**Aim of the exercise**
Beginning with the line that has "整车车身,以彰显奉献的红色为" and ending with the line that has "Amenities prioritize human", retype the entries below exactly, except for the pictures.

**Data shown**

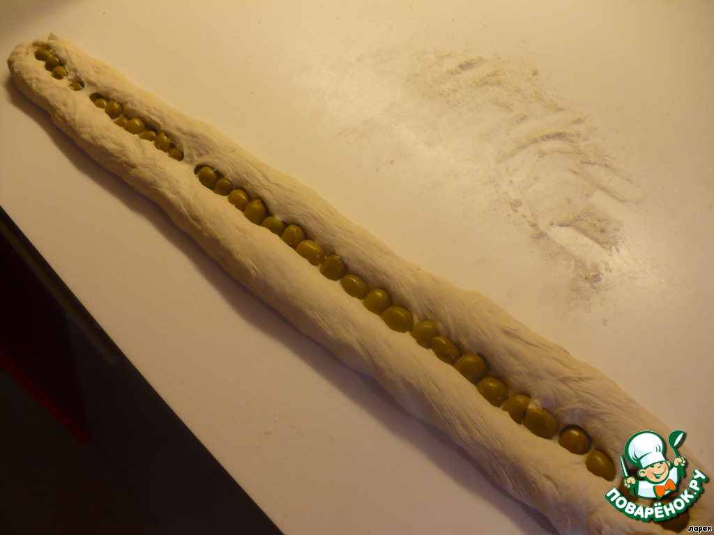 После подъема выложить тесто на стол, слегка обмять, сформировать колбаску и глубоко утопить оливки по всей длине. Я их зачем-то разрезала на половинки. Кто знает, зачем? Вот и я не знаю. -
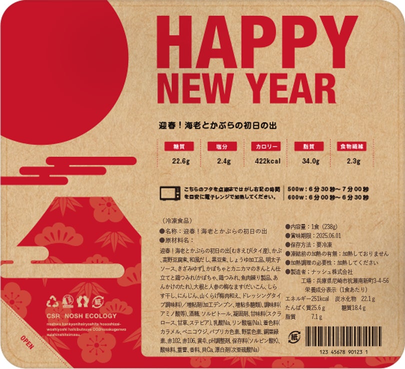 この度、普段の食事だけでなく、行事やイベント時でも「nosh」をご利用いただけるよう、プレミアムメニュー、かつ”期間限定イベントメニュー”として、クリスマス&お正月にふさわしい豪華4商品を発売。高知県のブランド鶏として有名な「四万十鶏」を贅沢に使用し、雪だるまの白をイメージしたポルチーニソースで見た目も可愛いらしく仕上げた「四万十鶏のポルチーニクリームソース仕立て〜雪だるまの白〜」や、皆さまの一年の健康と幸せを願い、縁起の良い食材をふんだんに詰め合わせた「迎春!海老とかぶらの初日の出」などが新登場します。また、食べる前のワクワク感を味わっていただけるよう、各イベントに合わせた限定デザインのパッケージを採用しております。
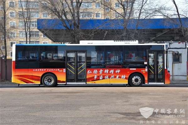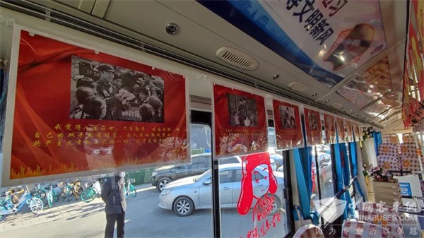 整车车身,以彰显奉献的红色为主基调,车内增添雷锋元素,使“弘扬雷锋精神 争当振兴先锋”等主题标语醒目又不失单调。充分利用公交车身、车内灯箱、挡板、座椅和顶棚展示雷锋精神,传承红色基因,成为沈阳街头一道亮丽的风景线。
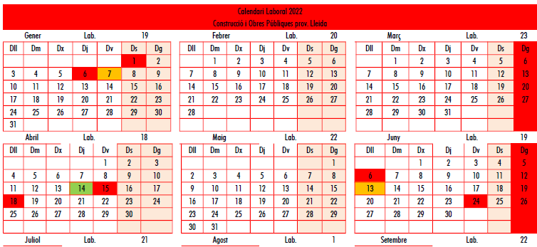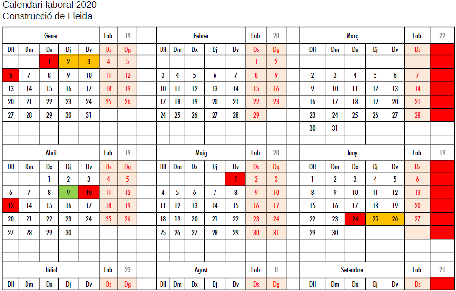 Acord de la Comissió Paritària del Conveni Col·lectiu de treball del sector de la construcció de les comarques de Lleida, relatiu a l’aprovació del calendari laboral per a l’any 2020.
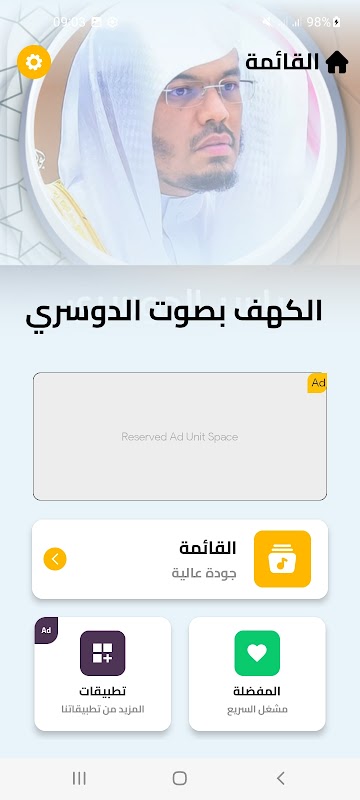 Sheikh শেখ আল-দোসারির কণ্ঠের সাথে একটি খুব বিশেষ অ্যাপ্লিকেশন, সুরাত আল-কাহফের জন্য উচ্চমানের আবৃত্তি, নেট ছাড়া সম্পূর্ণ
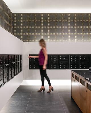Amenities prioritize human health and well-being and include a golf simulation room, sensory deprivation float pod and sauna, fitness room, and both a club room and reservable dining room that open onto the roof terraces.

* * *

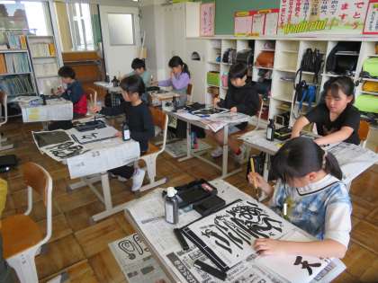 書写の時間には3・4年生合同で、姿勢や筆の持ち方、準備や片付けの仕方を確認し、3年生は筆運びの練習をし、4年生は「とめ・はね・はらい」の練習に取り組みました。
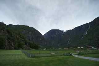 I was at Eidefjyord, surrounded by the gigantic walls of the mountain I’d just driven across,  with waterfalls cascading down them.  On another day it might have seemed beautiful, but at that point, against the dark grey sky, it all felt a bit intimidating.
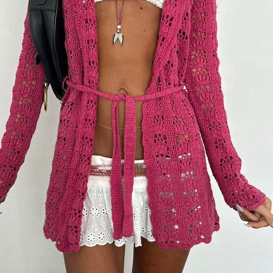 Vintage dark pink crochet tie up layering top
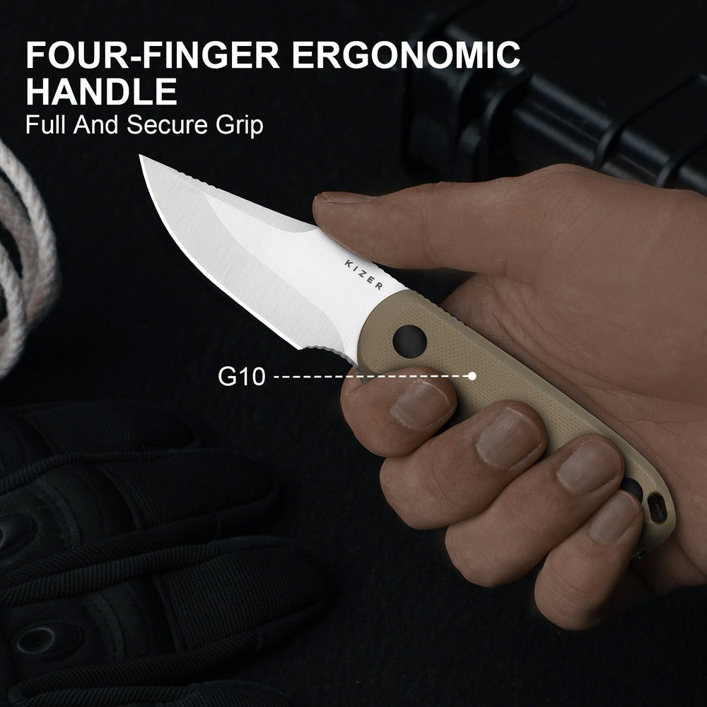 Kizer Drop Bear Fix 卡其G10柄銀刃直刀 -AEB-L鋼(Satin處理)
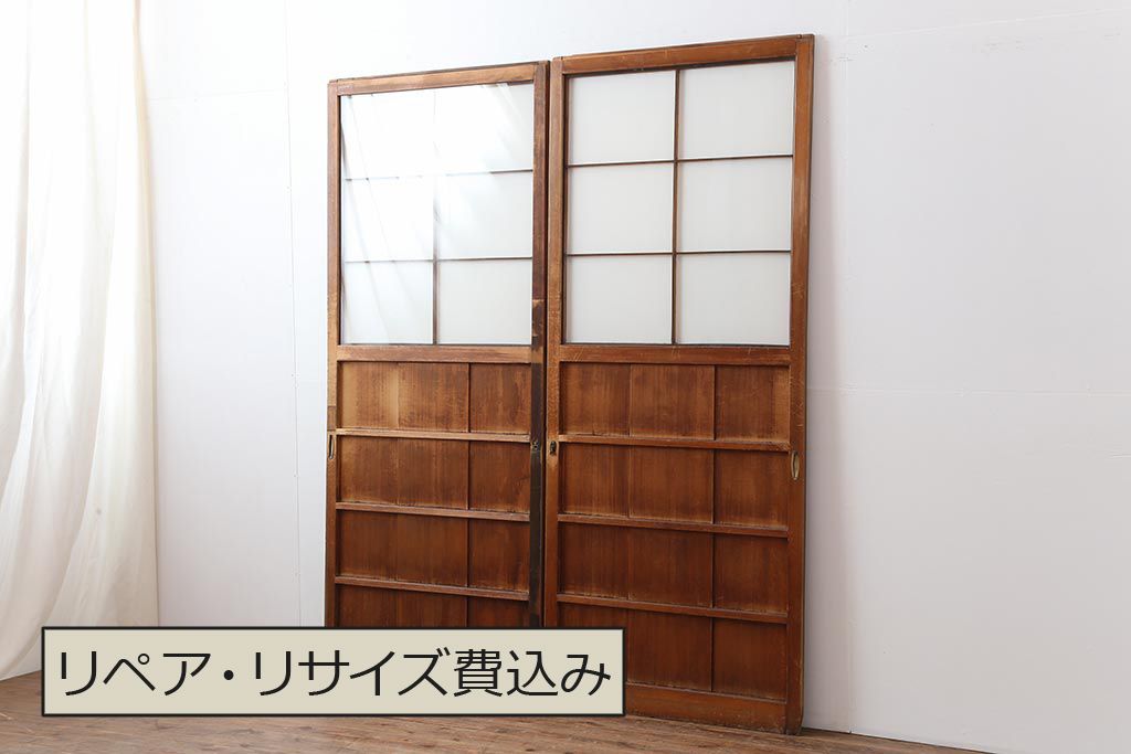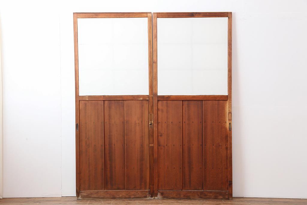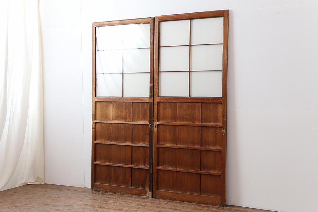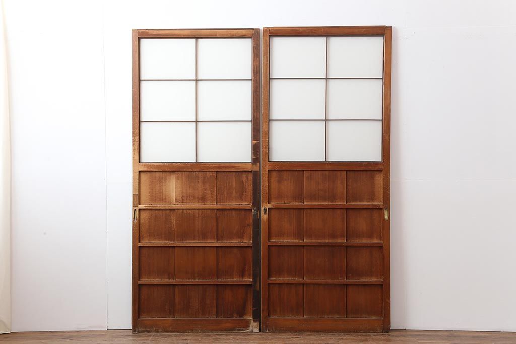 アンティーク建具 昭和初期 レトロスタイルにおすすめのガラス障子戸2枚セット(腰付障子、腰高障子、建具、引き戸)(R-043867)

---

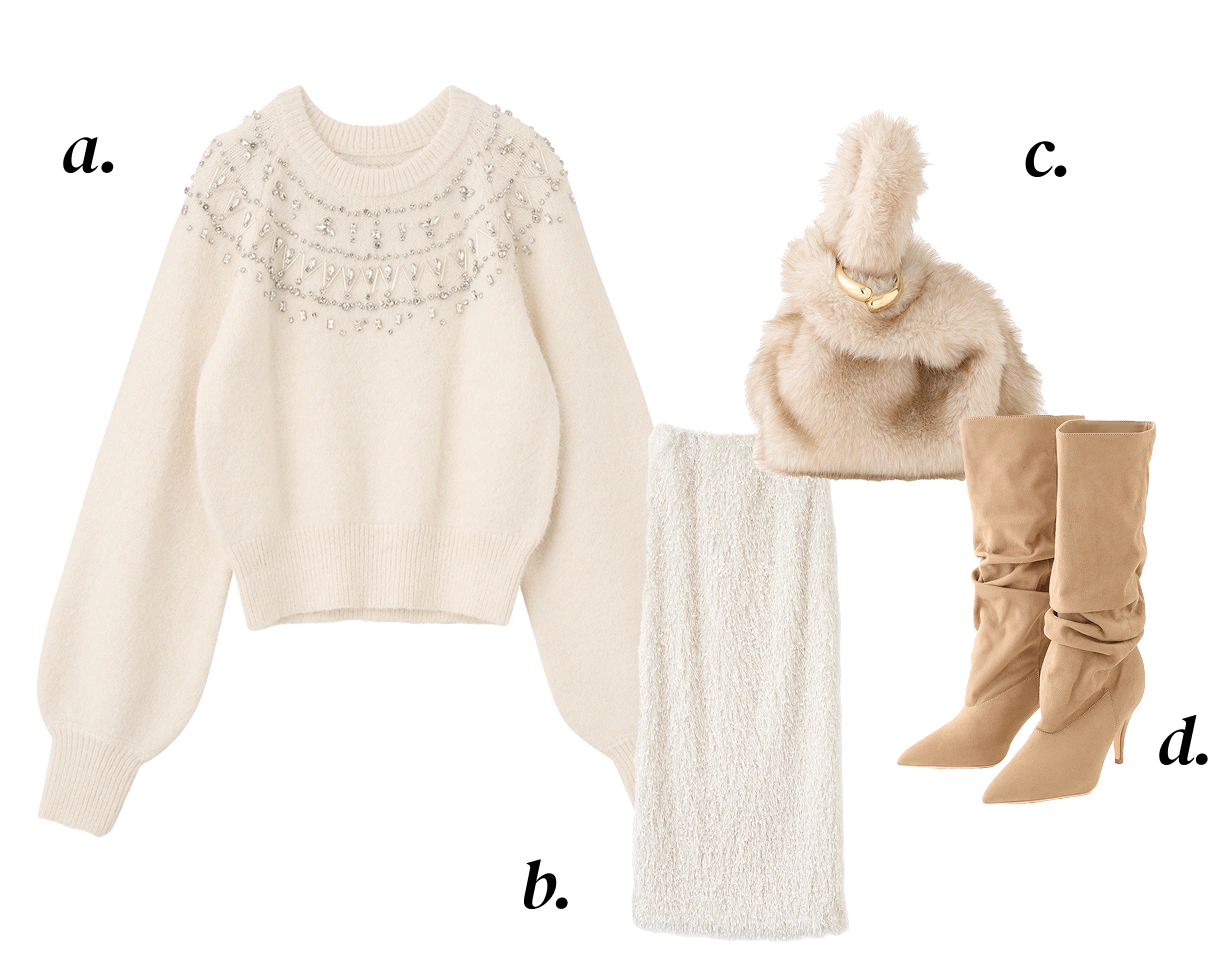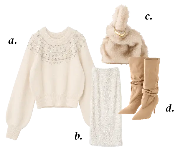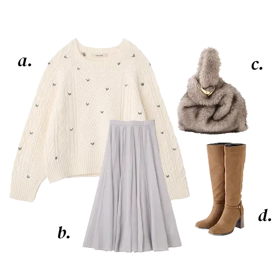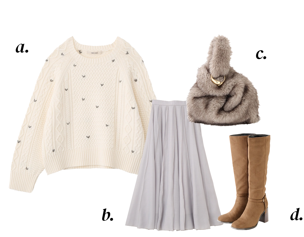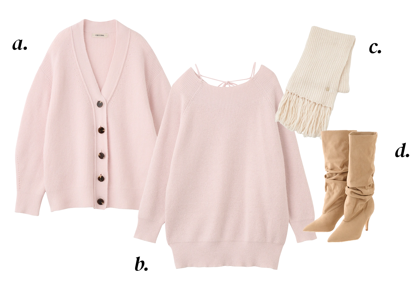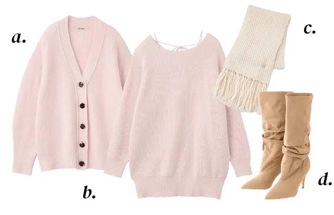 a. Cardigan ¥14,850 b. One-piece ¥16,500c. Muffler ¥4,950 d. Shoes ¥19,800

**Result**
 整车车身,以彰显奉献的红色为主基调,车内增添雷锋元素,使“弘扬雷锋精神 争当振兴先锋”等主题标语醒目又不失单调。充分利用公交车身、车内灯箱、挡板、座椅和顶棚展示雷锋精神,传承红色基因,成为沈阳街头一道亮丽的风景线。
 Acord de la Comissió Paritària del Conveni Col·lectiu de treball del sector de la construcció de les comarques de Lleida, relatiu a l’aprovació del calendari laboral per a l’any 2020.
 Sheikh শেখ আল-দোসারির কণ্ঠের সাথে একটি খুব বিশেষ অ্যাপ্লিকেশন, সুরাত আল-কাহফের জন্য উচ্চমানের আবৃত্তি, নেট ছাড়া সম্পূর্ণ
Amenities prioritize human health and well-being and include a golf simulation room, sensory deprivation float pod and sauna, fitness room, and both a club room and reservable dining room that open onto the roof terraces.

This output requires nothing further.